Over the past two years, I’ve spent a lot of time in bookstores. I signed in a number of cities with A Poetry Break (2004) and Killing Earl (2005). I’ve spent enough time in both chain and independent stores to realize that the bookstore we once knew and loved no longer exists.
The busiest bookstores where I’ve signed function as community centers. These stores have extended operating hours and a café that usually stays open until 11 p.m. They are always located in areas where there is a lot of pedestrian traffic. They also sell a lot more than books—everything from gift items like bookends to coffee beans. Most of them stock the same titles up front, and most of those titles have enough orders in to be classified as best-sellers. Most of those titles, in hardcover, anyway, will be heavily discounted within weeks of being displayed.
What’s missing from almost every store where I’ve signed is the long-term employee who loves books. I don’t mean to disparage the employees who work in bookstores now. But the day of the truly diversified book lover is, I fear, long behind us.
For one thing, all bookstores depend on major publishers to spur sales. Harry Potter makes the register sing. Mysteries drive the market. You will rarely see a truly famous author signing books in person, although ex-presidents, rock stars, and politicians will do so, and tickets are usually required for the purchaser to meet these media personalities.
What you will also see, in droves, is the mid-list author, or perhaps a local author. Tickets will not be required, and this type of author will spend no small amount of time single-handedly recruiting warm bodies—any warm bodies—to come in to purchase a book.

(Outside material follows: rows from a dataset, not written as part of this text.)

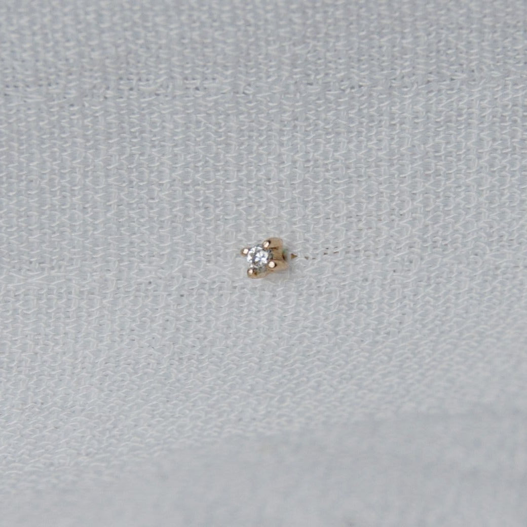 The diamond measure 1.5 mm in diameter, Length of post is 8 mm and thickness is 0.7 mm and 21 gauge.
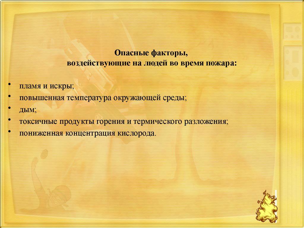 Опасные факторы,воздействующие на людей во время пожара:
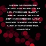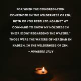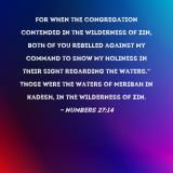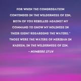 for when the congregation contended in the Wilderness of Zin, both of you rebelled against My command to show My holiness in their sight regarding the waters." Those were the waters of Meribah in Kadesh, in the Wilderness of Zin.
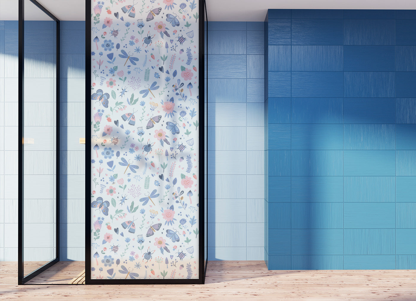 Step into a magical, storybook world with our Enchanted Garden Privacy Film. This enchanting design is teeming with life, featuring delicate butterflies, friendly dragonflies, charming little bugs, and a meadow of blooming wildflowers. Rendered in a soft, dreamy pastel palette of gentle pinks, calming blues, and sweet lavenders, this pattern turns any window into a delightful scene from a fairy tale.
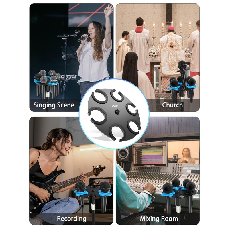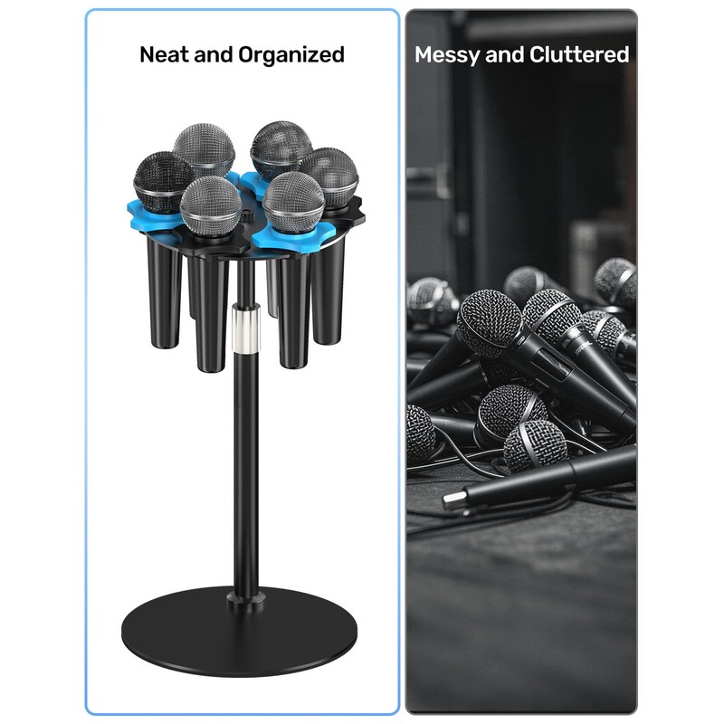 - [Essential Accessory for Musicians] This stand is the perfect solution for performances, home studios, churches, or professional recording setups. It safely holds up to six handheld microphones—whether dynamic, wired, or wireless—making it ideal for musicians, church services, DJs, and karaoke enthusiasts.
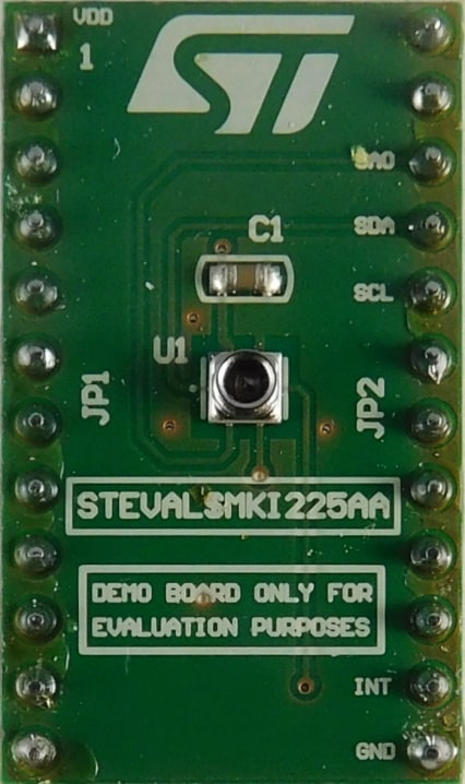 The STEVAL-MKI225A can be plugged into a standard DIL24 socket. The adapter provides the complete LPS28DFW pinout and comes ready to use with the required decoupling capacitors on the VDD power supply line.

Once this author leaves the store, his or her book will likely be banished to a back shelf and forgotten, at least by the bookstore.
That same mid-list or local author will do scores of book events outside the bookstore realm, and will likely sell more copies at book festivals, independent gift and coffee shops, and speaking events than the author ever sold in a bookstore environment.
Bookstores as centers of literacy and literature are scarce. They have become places where study groups do homework in the café, and where you are likely to see an upfront display of the latest yoga DVD rather than the latest poetry collection by a Pulitzer prize winning poet. The book business in America, like almost everything else, manifests as an extension of the entertainment world.
I miss the bookstore of my youth, the store where I meandered through hallowed aisles of books by all sorts of authors, where books were still produced as a quality product rather than rushed into print as a print-on-demand title, something even traditional, large publishers now do. I miss the employee who could actually name five living poets, the employee who could talk with me at length about authors like Carson McCullers or James Joyce. I miss the employee who could think for herself, rather than follow the mandates set out by management to push the latest alpha-titled-series mystery.
What’s really missing from the American bookstore and the American literary scene is the independent reader, one who can think for herself and who will browse aisles looking for something that the New York Times hasn’t stamped with approval.
I miss the reader who wouldn’t have been duped by James Frey despite his television infomercials portrayed as talk shows. The first thing I asked, when a friend mentioned Frey's “great book” was how come he’s walking around free if he’s wanted in three states? How many felons can hide after center staging themselves on Oprah?
The reader that bookstores knew and loved is missing, compliments of the international marketing conglomerate that determines a handful of publishers comprise the world’s reading list. The conglomerate, though it's made up of different corporations, functions single-mindedly.